I nod. “Yes, that’s what I said.”
“The sewers,” she repeats, a guttural lurch to her voice. “We’re going into the sewers.”
The air conditioning sputters and dies; an odd silence falls over the clammy, windowless room. Everything is suddenly too quiet. Too loud. I hear the click of the woman’s throat as she swallows dry.
“Look, I’m sorry—”
“I’m not going into the sewers,” she hisses, the sibilants forced from her teeth like steam from a kettle. “What about my house? What about my job? And my baby—what the hell do you think I’m supposed to do with my baby?”
I close my eyes. Inhale. Exhale. Inhale again. “Bring him with you,” I grit out. Tangles of weeks-unbrushed hair trap the irritating summer heat around my neck, and a sharp headache throbs behind my eyes, through my temple. I dig a thumb into the soft hollow below my left brow. “It’s too dangerous for the both of you. Come on, you have to leave. They can find you here. Anytime.”

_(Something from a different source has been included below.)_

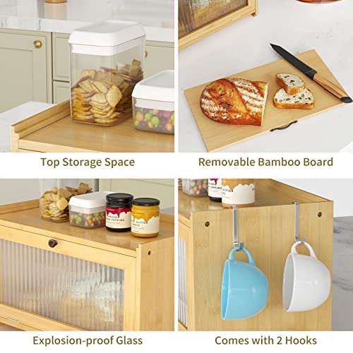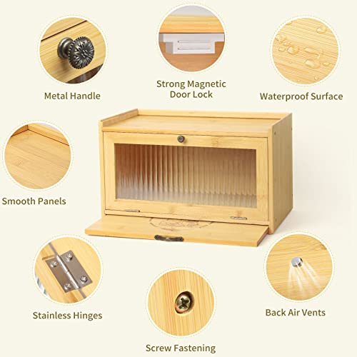 xinyoec - Large Bread Box for Kitchen Countertop, Bamboo Bread Storage Container with Cutting Board and Clear Plexiglass Window, Bread Bin, Farmhouse Bread Box, Bread Holder For Kitchen Counter (Self-Assembly)

The baby starts to wail, siren-like. The sound ricochets off the cement walls, and the solitary light bulb above us flickers and swings with a sanguine laziness. I curse under my breath.
“Shhh… shush, please, shush, it’s okay, shhh—they’ll hear you—” But babies don’t understand, babies don’t care, and life is ugly, I think. The woman pats him with panicky hands, the same irregular cadence as my thudding heartbeat. And then—
I feel them before I hear them. Footsteps. My blood chills to ice. No, no. I open my mouth to scream run, we have to run, I have to run—but my lungs fail and my jaw slackens and my tongue numbs and I find myself choking on damp, damp air. The telltale stench of rot, the cloying bitterness, the shuddering dread that accompanies something unalive yet not dead—
At that moment, adrenaline finally decides to pump in, and I shove the woman with her bawling baby toward the open trapdoor on the other side of the room. “Get in, get in,” I scream—they’ve heard us anyway—“get in, lock it behind you, go down the ladder to the fifth floor—don’t come back! You hear me? Don’t come back!”
“Are you not—”
But then the trapdoor clunks shut and they’re gone and it’s just me in the room, me and my traitor heart, traitor brain, because why did I send them down there?
The door to the room swings open. A man steps onto the threshold, looks at me piteously. Waits.
“I got them,” I rasp after a long beat.
His face cracks into a long sneer. “Good work. Y’think they’re enough to keep the necrovians back a week or two more?”
“Y-yeah,” I breathe, because they are. Because they have to be.
The man walks closer. The smell of rot grows stronger. A shrill scream rings from far below, and it sounds terribly like mine.